Second, the acting of five people in not-quite-random order : Bonnie Panych as Calliope channels Nicola Cavendish, a comic scheming wench of eye-watering laughability throughout. Gaelen Beatty as Sonny Malone, in his debut role with ACT : as thick as  bartender Woody Boyd from Cheers but who roller skates to beat the band and sings with gusto. Vincent Tong in all his guises, but particularly his turn as “Young Danny” Maguire when he puts on a tour de force show of dance that he and Stevens designed.  Cailin Stadnyk as Euterpe, who was exceptionally engaged and electric in her execution of support roles. J. Cameron Barnett as Terpsicore-in-drag throughout – the most wink-wink actor on the stage. As the centaur his equus pawing of turf was splendid. 

Third, tie between the great roller derby set by Kevin McAllister, also Andrew Tugwell's sound design, in which the band did not drown out the singers or vice-versa. Kudos to designers, producers, performers all. 

Oh, and a fourth. The costumes by Rebekka Sorensen were terrific, except for the decidedly not-1980 high school jock jackets in the final scene.

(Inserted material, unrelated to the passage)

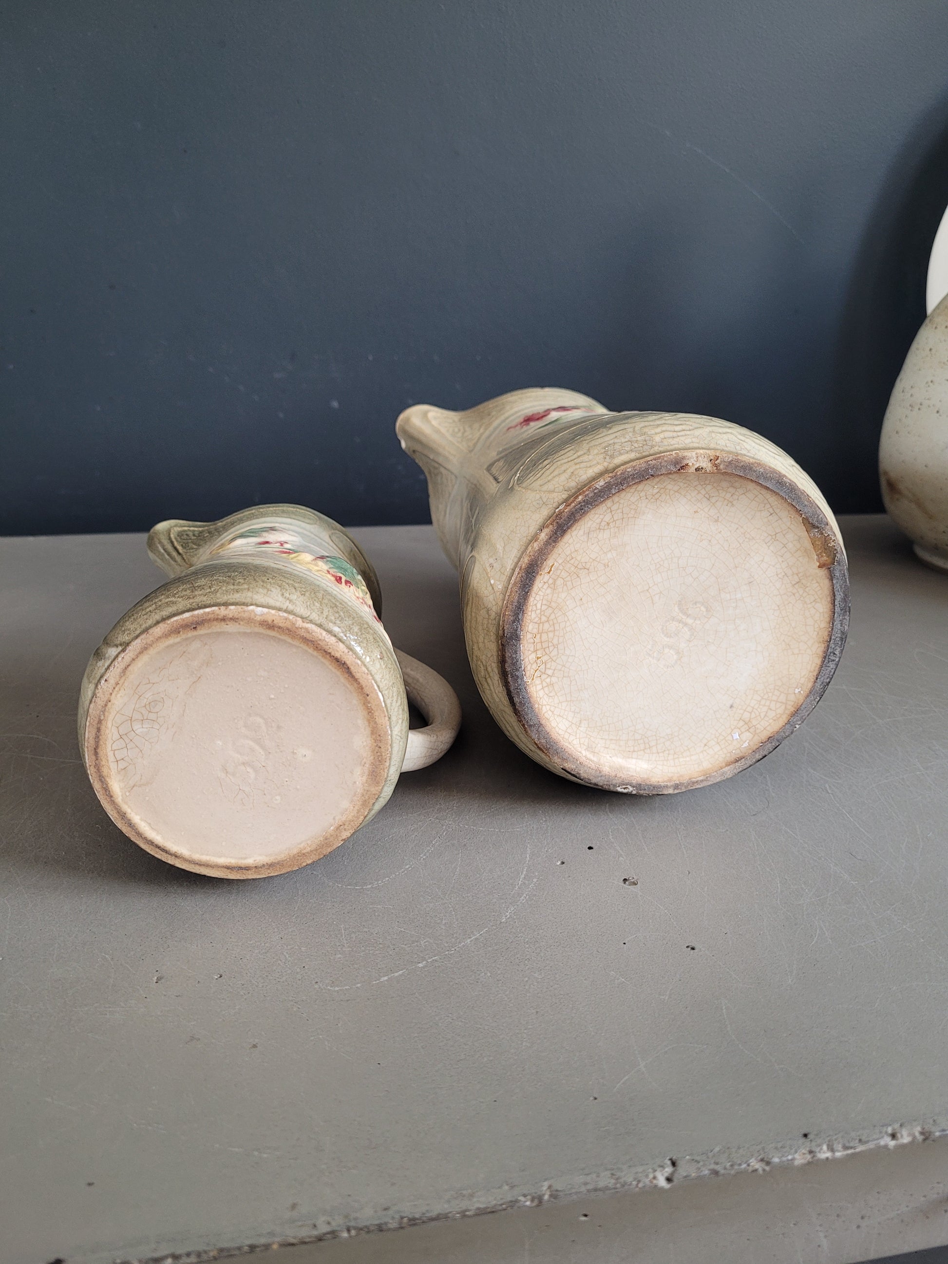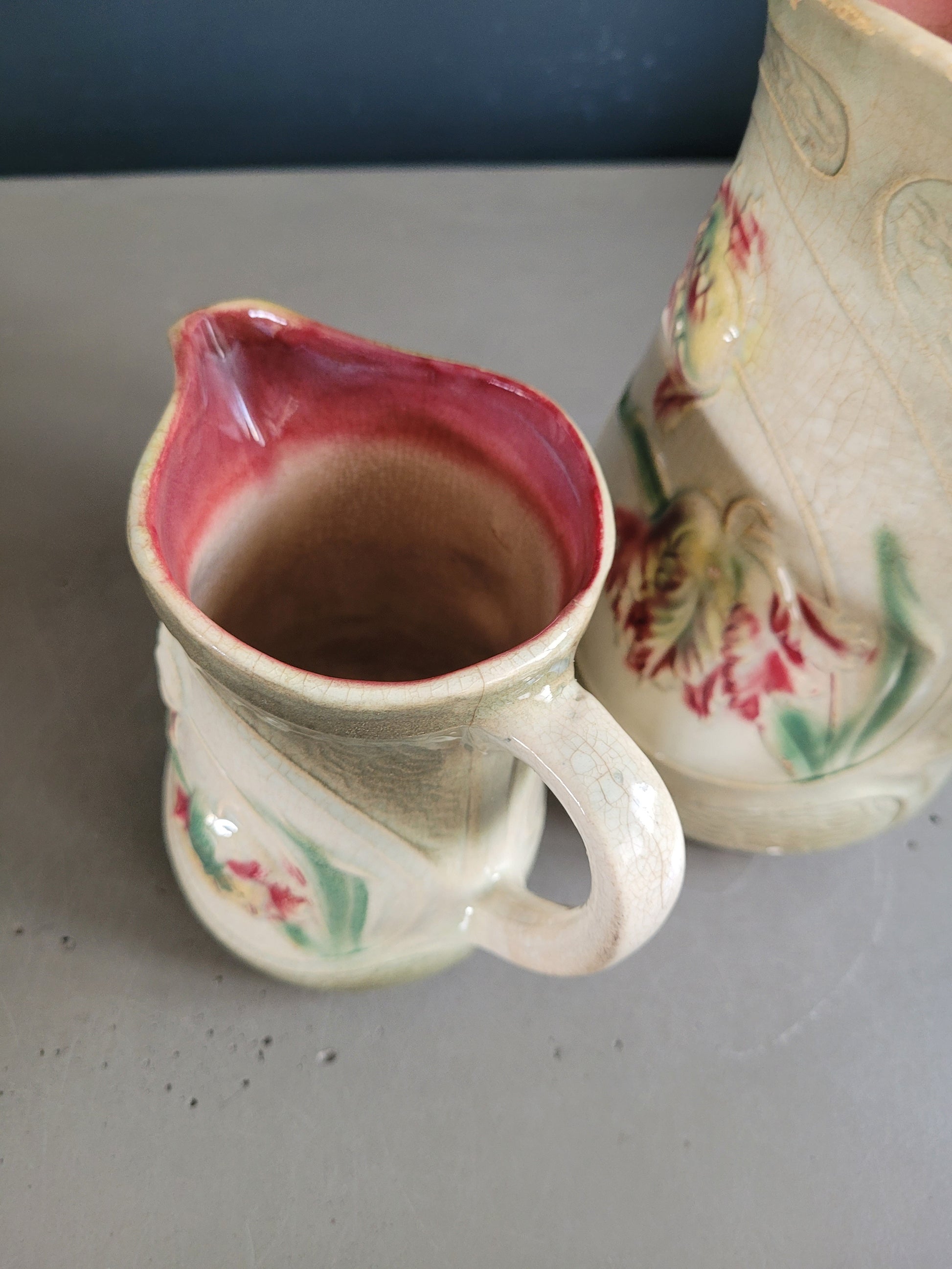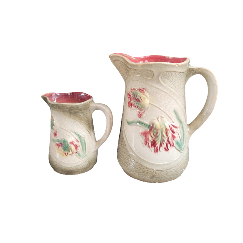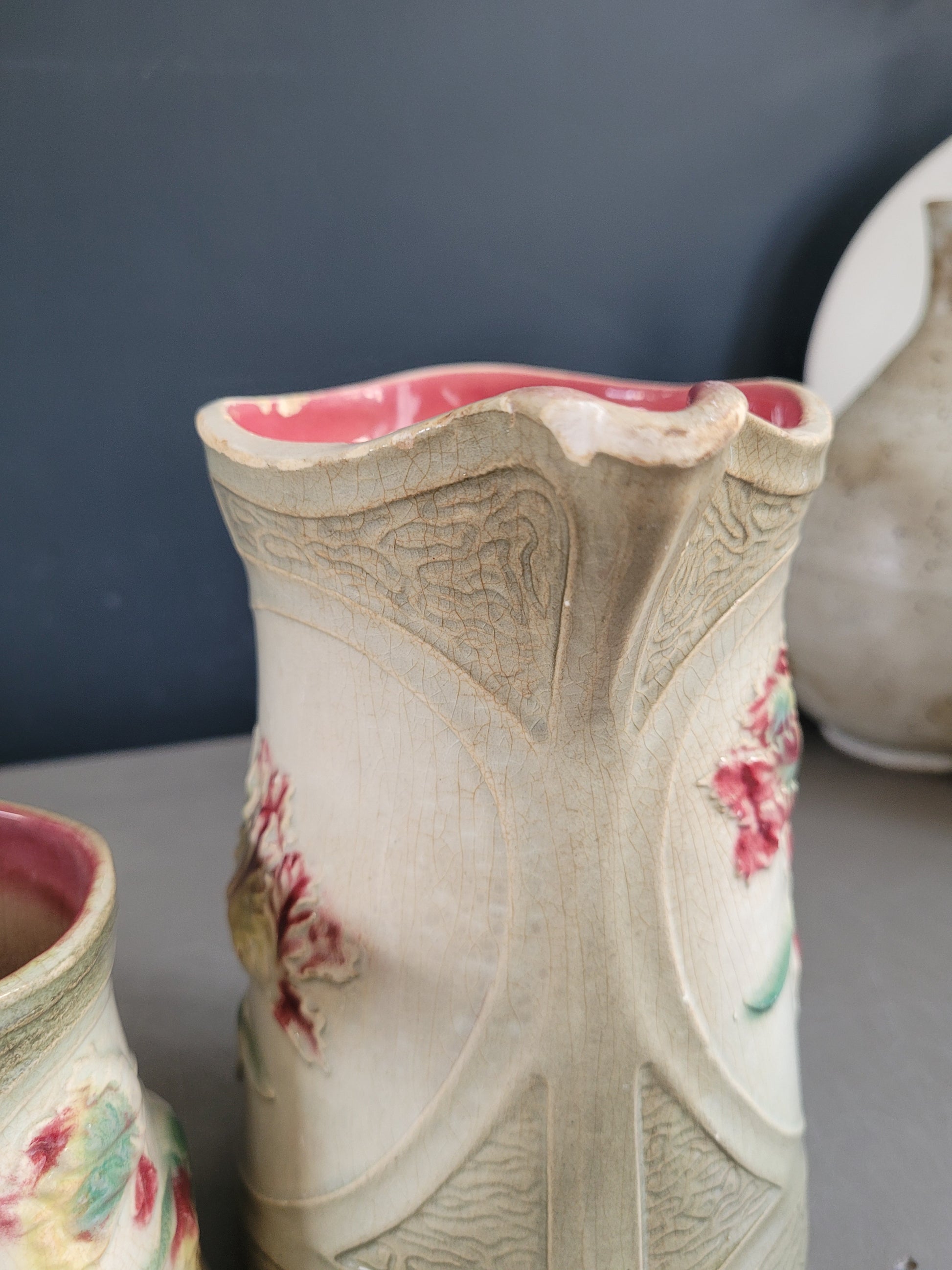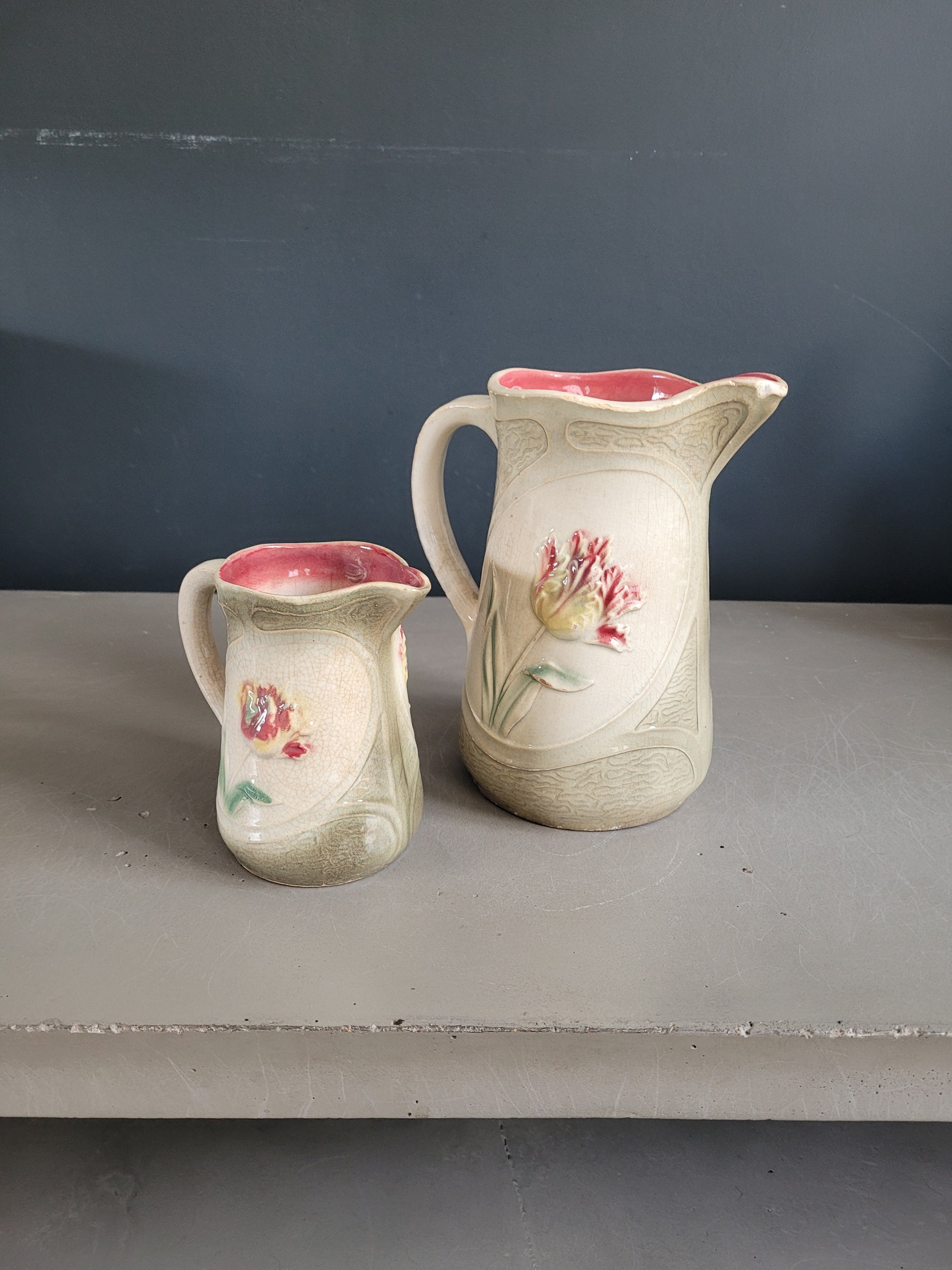 Magnifique paire de pichets anciens avec 2 motifs différents de tulipes en barbotine de part et d'autre, et ornés de décors sur toute la surface.

Those are from the 50's-60's Happy Days epoch, not the ON-J and ELO 1980's.

Not-quite-so-much factors :

Acting. As Clio/Kira, Marlie Collins makes her Vancouver theatre debut, and she is mostly a delight. Good strong singing if a bit “pitchy” on the higher notes. Charming and sexy with Sonny at all times. Her roller skating, however, reminded me of me on either skis or ice skates : awkward and iffy, which was a bit distracting. I was tense expecting “Call the medics!” at any moment, but clearly I empathize.

Lighting. Scriptman Beane had a whole scene in Act I involving Maguire (Simon Webb – solid throughout) and Malone admiring the Xanadu sign over the new disco ballroom and how folks would see it from blocks away. Alas, the sign remained unlit and dead to the eye. A real Hmnn?! moment.  Also during the disco scene to wrap the show : the couple-dozen disco balls descended and exploded in sparkles far too late for much impact at all. The stars should have fallen on Alabama first, not last. Pity.

Choreography. Final scene needed all the actors all sporting roller skates immediately on the stage as Kira explodes leading the delirious “Xanadu” final number. Too little, too late, too bad.

Parting shot : Two from one family went. A 19-year-old just returned from a NYC theatre course with Langara College who had seen some 8-9 plays and opined : “As good as anything I saw there !” And her dad some five decades older who attended this show with a bit of healthy skepticism around the "how" and "why" of this goofy plotline as stage play. But who left quite agreeing with Christopher Isherwood of the New York Times – this is a show both “indefensible and irresistible”.